The name Pineau comes from the French word pin and refers to the pine cone shape that clusters of grapes can resemble. It was first used to describe a grapevine growing in the Loire Valley in 1183 AD but whether or not this was Pineau d'Aunis is not known since Pineau has been a synonym used for Pinot noir, Chenin blanc and Menu Pineau (Arbois).

Aunis, within what is now the Charente-Maritime department, was a pays erected into a historical province, the smallest of France, in 1374; it was a fief of the Duchy of Aquitaine, brought to the English monarchy by Eleanor of Aquitaine. In Aunis the grape may have once been grown, but is currently not widely planted. However, wine writer Oz Clarke believes that the grape was named after a priory known as Aunis that existed outside of the commune of Saumur during the Middle Ages. Today what is left of the Aunis priory belongs to the Fontevraud Abbey in Chinon.

Author Michel Freyssinet speculates that Pineau d'Aunis may have originated in the Vendée region and was brought to the Loire region by salt merchants sailing up the Atlantic coast. According to Freyssinet, the vine was first planted in Chahaignes in what is now the Sarthe department of the Loire in the 9th century.

===Middle Ages===
The grape was known in England by the 13th century when it was a favorite wine of King Henry III of England. Henry, the son of John Plantagenet and Isabella of Angoulême (a commune is what is now the Charente department), began importing casks of Pineau d'Aunis wine to England in 1246. In England, the usually light colored Pineau d'Aunis was often blended with darker colored wines such as those made from red-fleshed teinturiers.

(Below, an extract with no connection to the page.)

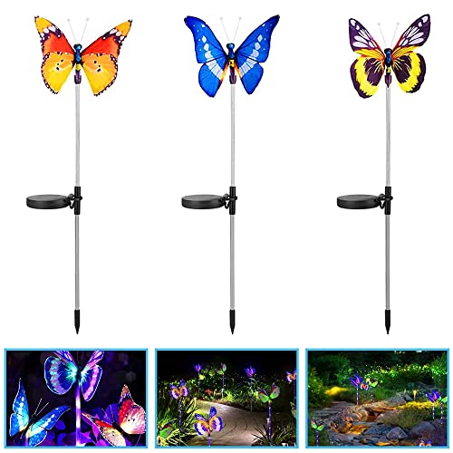 Furado Luci Giardino Energia Solare,3 Pezzi Luci Solari forma di Farfalle,Luce Solari LED Esterno Giardino,Luci Solari Per Esterni,Luci Giardino Solari,Luce di palo solare per giardino, prato, cortile

The wine that Henry imported was labeled as vin clairet, leaving wine writer Richard Kelley to presume that Pineau d'Aunis was the "original claret".

During the Hundred Years' War, King Charles VII of France gave Philip the Good, the Duke of Burgundy, vines of Pineau d'Aunis as a peace offering in 1425. Other accounts say that Charles' gift of Pineau d'Aunis was made to John VI, Duke of Brittany instead.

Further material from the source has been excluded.